### [Exercise aim]
Starting with the line that has "ELLINGTON NORITAKE BLACK" in the records below and stopping after the line that has "به گزارش کدال", output every line exactly and nothing else; skip pictures.

### [Data records]
********

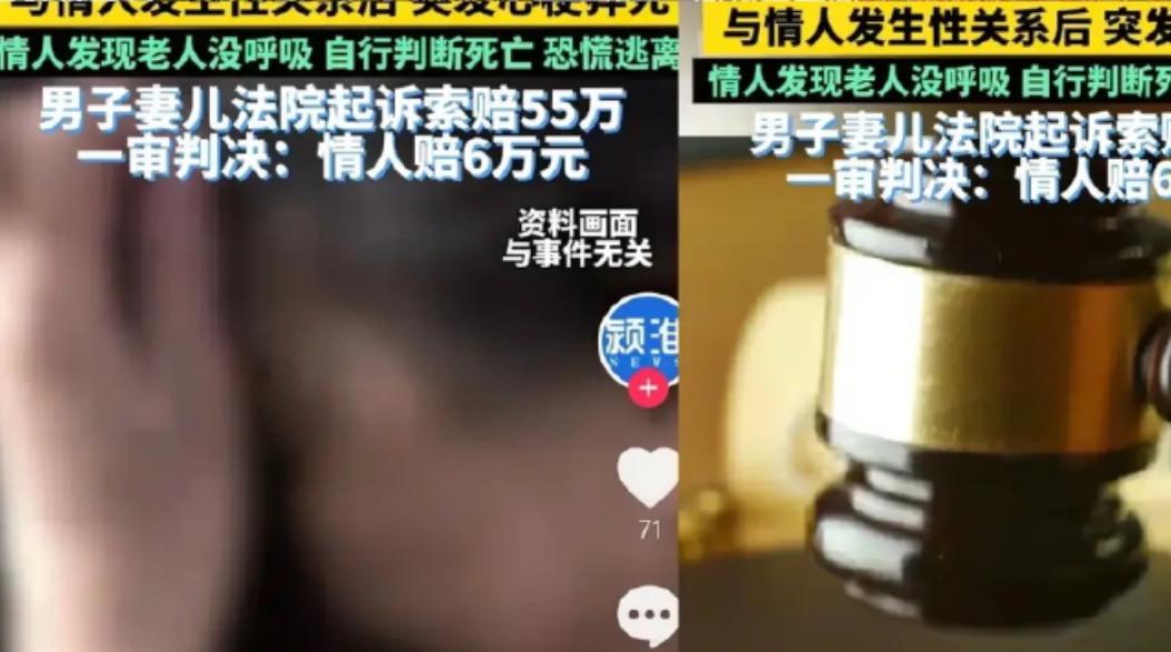 广西,一位66岁的男子竟然出轨女同事,两个人在酒店相欢3个小时,完事后女同事发现男子的大腿上有黑点,但是他却没有打呼噜、也没有呼吸声,看到男子不行了,吓得女同事赶紧离开,但是1小时后又折返,决定告诉酒店工作人员并且报了警,原来男子因为剧烈运动导致心肌梗死,家属气愤不已,将女同事起诉了,要求她赔偿55万元。 这大哥姓王,今年66岁,和那个女同事以前是工友,早些年的时候就认识了,后来俩人断了联系,直到一次工友聚会才重新接上话,一来二去,俩人就越走越近,慢慢发展成了不正当关系,私下里约过好几次见面,每次都做得挺隐蔽。 事发的那天,老王先去酒店开了房,之后就联系了女同事让她过来,女同事赶到酒店房间的时候,老王已经在房间里等着了,俩人一见面就没控制住,在酒店里相处了整整3个小时。 完事儿之后,老王躺在一边休息,还打了一会儿呼噜,女同事就躺在另一张床上睡着了,等她睡醒的时候,发现老王的呼噜声没了,凑过去一看,老王一动不动,大腿上还出现了黑点,伸手摸了摸,连呼吸声都没有。 女同事当时就吓懵了,她也没经历过这种事儿,脑子一片空白,第一反应就是赶紧跑,她慌慌张张地离开了酒店,可走出酒店之后,心里又犯嘀咕,纠结了一个小时,还是决定折回去,告诉酒店工作人员,并且报了警。 工作人员跟着她打开房间门,确认老王已经没了生命体征,后来民警和医护人员赶到,经过检查,排除了刑事案件,最终推断老王的死因是急性心肌梗死,而诱发心梗的原因,大概率就是当时的剧烈运动。 另外,老王的家属后来在法庭上说,老王本身就有高血压和脑梗病史,身体一直不算好,老王的妻儿得知消息后,又气愤又悲痛,气愤的是老王一把年纪还出轨,悲痛的是亲人突然离世。 他们觉得,女同事发现老王不对劲后,没有第一时间报警求救,反而先选择逃跑,耽误了最佳的救治时间,所以就把女同事和酒店一起告上了法庭,要求赔偿55万元。 很多人可能会觉得,老王的死是他自己身体原因导致的,跟女同事没关系,但法院审理后,给出的判决却不是这样,法院认为,老王自身有基础病,又做了剧烈运动,导致心梗猝死,他自己要承担主要责任。 而女同事呢,虽然不知道老王有基础病,但她作为当时唯一在场的人,发现老王异常后没有及时采取救助措施,导致老王错过了最佳救治时机,而且她明知老王是有妇之夫,还和他保持不正当关系,违背了公序良俗,所以要承担次要责任。 至于酒店,法院觉得,事发在私密的客房里,酒店不可能随时监控房间里的情况,而且工作人员在得知情况后,也第一时间配合报警、联系医护人员,已经尽到了该尽的义务,所以不用承担责任,最后,法院判决女同事赔偿老王家属6万多块钱,远低于家属索赔的55万。 说句实在的,这事儿真的挺让人感慨的,老王一把年纪,不好好珍惜家庭,非要搞婚外情,最后把自己的命搭进去了,不仅害了自己,也伤了家人的心,而女同事,一时糊涂和有妇之夫在一起,最终也得为自己的行为付出代价。
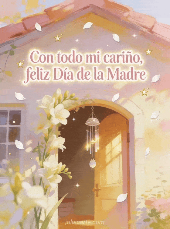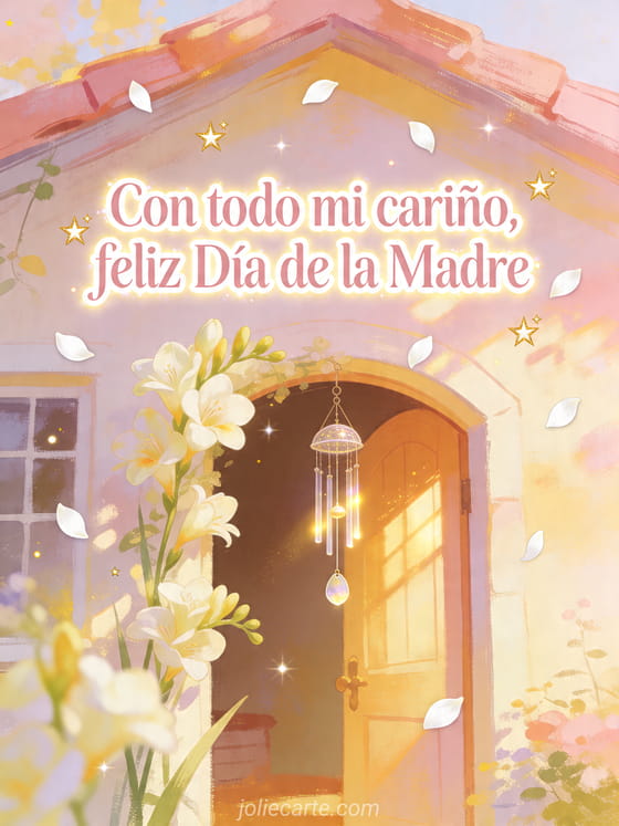 Compartan una tarjeta acogedora del Día de la Madre con una puerta de casa de campo, fresias frescas, un carillón delicado, pétalos blancos y estrellitas doradas. Descubran también Feliz Día de las Madres mamá fallecida, feliz Día de la Madre y feliz domingo o una cita para el Día de las Madres.
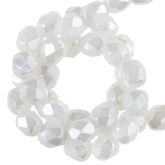 DQ Feuerpolierte Facettperlen (6 mm) Chalk White Shimmer (24 Stück)
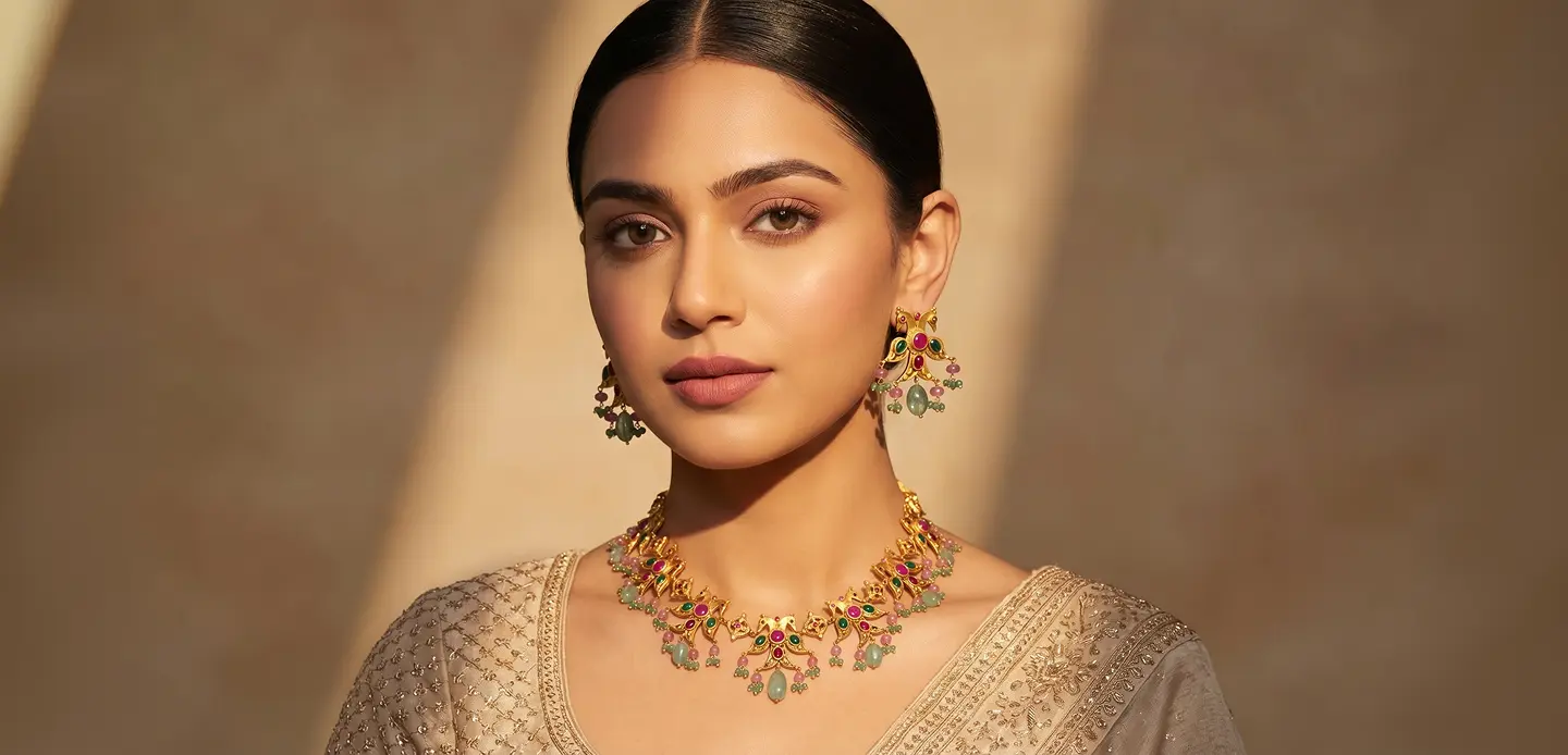 Our collections embody modern design sensibilities while drawing inspiration from the rich traditions of Indian artistry. From the grandeur of temple motifs to the subtlety of contemporary silhouettes, every creation captures the essence of balance between elegance and expression, artistry and emotion.
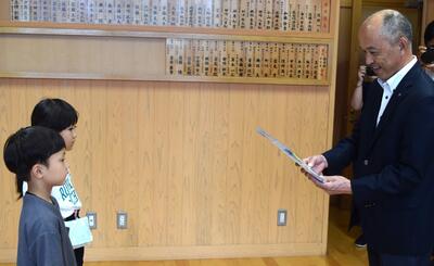 高千穂町防犯協会から1年生の子どもたちに「いかのおすし」防犯グッズが送られました。1年生47名を代表して、2名の児童がもらいました。「いかのおすし」を守って、安全な生活が送れるようになるといいです。
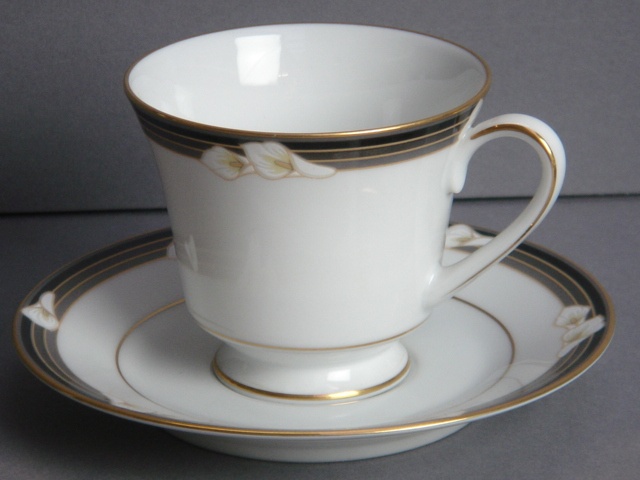 ELLINGTON NORITAKE BLACK LILY BORDER TEACUP AND SAUCER (X15)
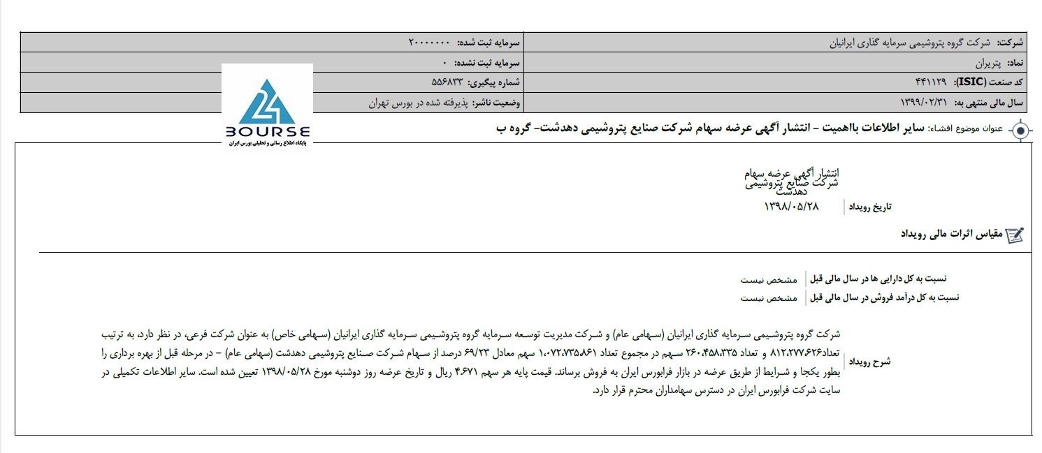 به گزارش کدال نگر بورس ٢۴، شرکت گروه پتروشیمی سرمایه گذاری ایرانیان اعلام داشت این شرکت و شرکت مدیریت توسعه سرمایه گروه پتروشیمی سرمایه گذاری ایرانیان (سهامی خاص) به عنوان شرکت فرعی، در نظر دارد، به ترتیب تعداد٨١٢،٢٧٧،۶٢۶ و تعداد ٢۶٠،۴۵٨،٣٣۵ سهم در مجموع تعداد ١،٠٧٢،٧٣۵،٨۶١ سهم معادل ۶٩/٢٣ درصد از سهام شرکت صنایع پتروشیمی دهدشت (سهامی عام) - در مرحله قبل از بهره برداری را بطور یکجا و شرایط از طریق عرضه در بازار فرابورس ایران به فروش برساند. قیمت پایه هر سهم ۴.۶٧١ ریال و تاریخ عرضه روز دوشنبه مورخ ١٣٩٨.٠۵.٢٨ تعیین شده است. سایر اطلاعات تکمیلی در سایت شرکت فرابورس ایران در دسترس سهامداران محترم قرار دارد.
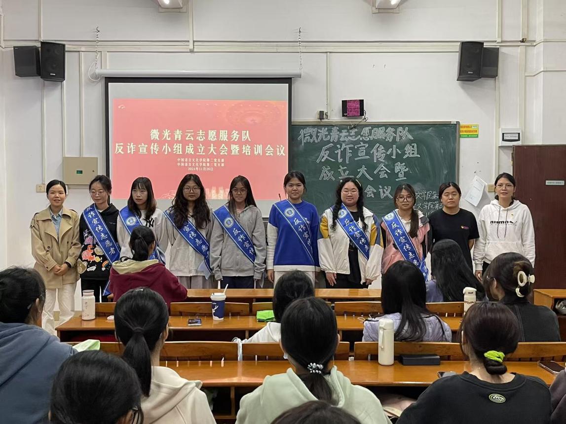为深入贯彻国家关于防范电信网络诈骗的重要指示精神,积极响应校园安全建设的号召,提升大学生群体的防骗意识与能力,中国语言文化学院微光青云志愿服务队于11月25日下午5点在B102举行反诈宣传小组的成立大会暨培训会议,通过组建反诈宣传队伍,共同构筑起一道坚实的校园安全防护网。
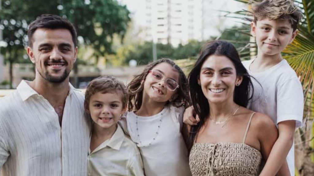 Durante uma conversa no programa Encontro, o ator destacou: “Falo muito com a minha esposa sobre o orgulho que tenho dela também por abrir mão da profissão dela para que a gente pudesse construir uma família unida”. Casados desde 2016, os dois são pais de três crianças: Joaquim, de 11 anos, Maria, de 8, e Vicente, de 5.
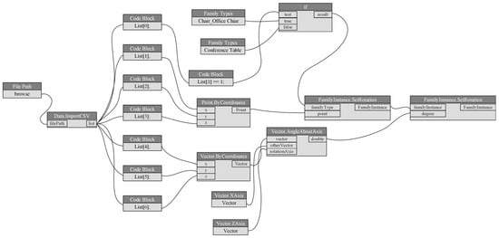 Dynamo is an open source visual programming platform based on the Autodesk Revit API, designed to assist users in customizing BIM workflows. In contrast to traditional text-based programming languages, visual programming languages use graphical elements instead of textual expressions, enabling users to write scripts and define logic through graphical operations [58]. In this section, Autodesk Dynamo was employed as a visual scripting tool for importing Excel data and generating Revit models of tables and chairs in the indoor scene. The Revit models for the tables and chairs needed to be predefined. The table’s Revit model was adjusted based on the calculated length, width, and height from the entity segmentation, while the chair was replaced with a standard conference chair model. The Dynamo workflow is illustrated in Figure 18.
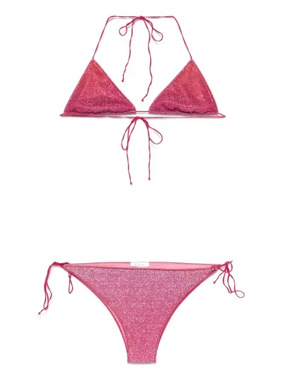 shocking pink stretch-design metallic threading lurex detailing rear tie fastening halterneck tie fastening triangle cup spaghetti straps side-tie bottoms full lining Be mindful to try on swimwear over your own garments.
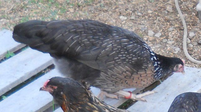 and another dorking girl who carries 2 different melanizing genes, Cha and Ml. the Cha gives her a black head and Ml makes a more definite black tip to her breast feathers. the other dark tips aren't as visible, since her feathers are overall darker because of Cha. (she's also silver based, rather than red like the above girl).
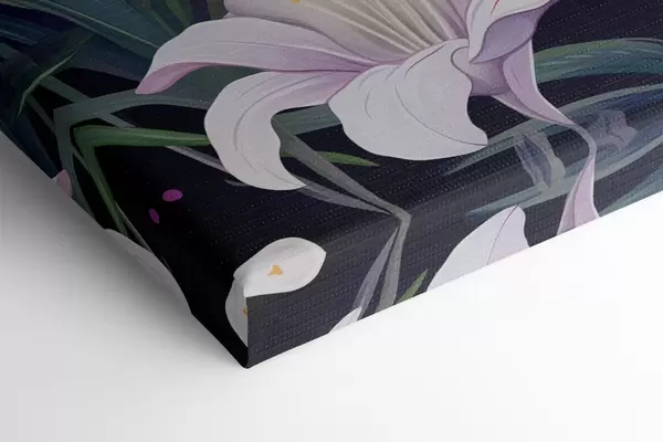 Maalid Õrnad roosad liiliad roheliste lehtedega heledal ja tumedal taustal Nr m00689
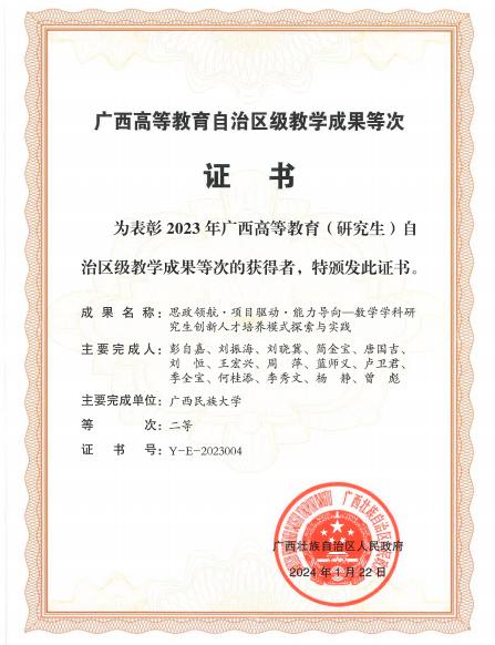 《思政领航·项目驱动·能力导向——数学学科研究生创新人才培养模式探索与实践》获2023年广西高等教育(研究生)自治区级教学成果奖二等奖。

********

### [Task response]
 ELLINGTON NORITAKE BLACK LILY BORDER TEACUP AND SAUCER (X15)
 به گزارش کدال نگر بورس ٢۴، شرکت گروه پتروشیمی سرمایه گذاری ایرانیان اعلام داشت این شرکت و شرکت مدیریت توسعه سرمایه گروه پتروشیمی سرمایه گذاری ایرانیان (سهامی خاص) به عنوان شرکت فرعی، در نظر دارد، به ترتیب تعداد٨١٢،٢٧٧،۶٢۶ و تعداد ٢۶٠،۴۵٨،٣٣۵ سهم در مجموع تعداد ١،٠٧٢،٧٣۵،٨۶١ سهم معادل ۶٩/٢٣ درصد از سهام شرکت صنایع پتروشیمی دهدشت (سهامی عام) - در مرحله قبل از بهره برداری را بطور یکجا و شرایط از طریق عرضه در بازار فرابورس ایران به فروش برساند. قیمت پایه هر سهم ۴.۶٧١ ریال و تاریخ عرضه روز دوشنبه مورخ ١٣٩٨.٠۵.٢٨ تعیین شده است. سایر اطلاعات تکمیلی در سایت شرکت فرابورس ایران در دسترس سهامداران محترم قرار دارد.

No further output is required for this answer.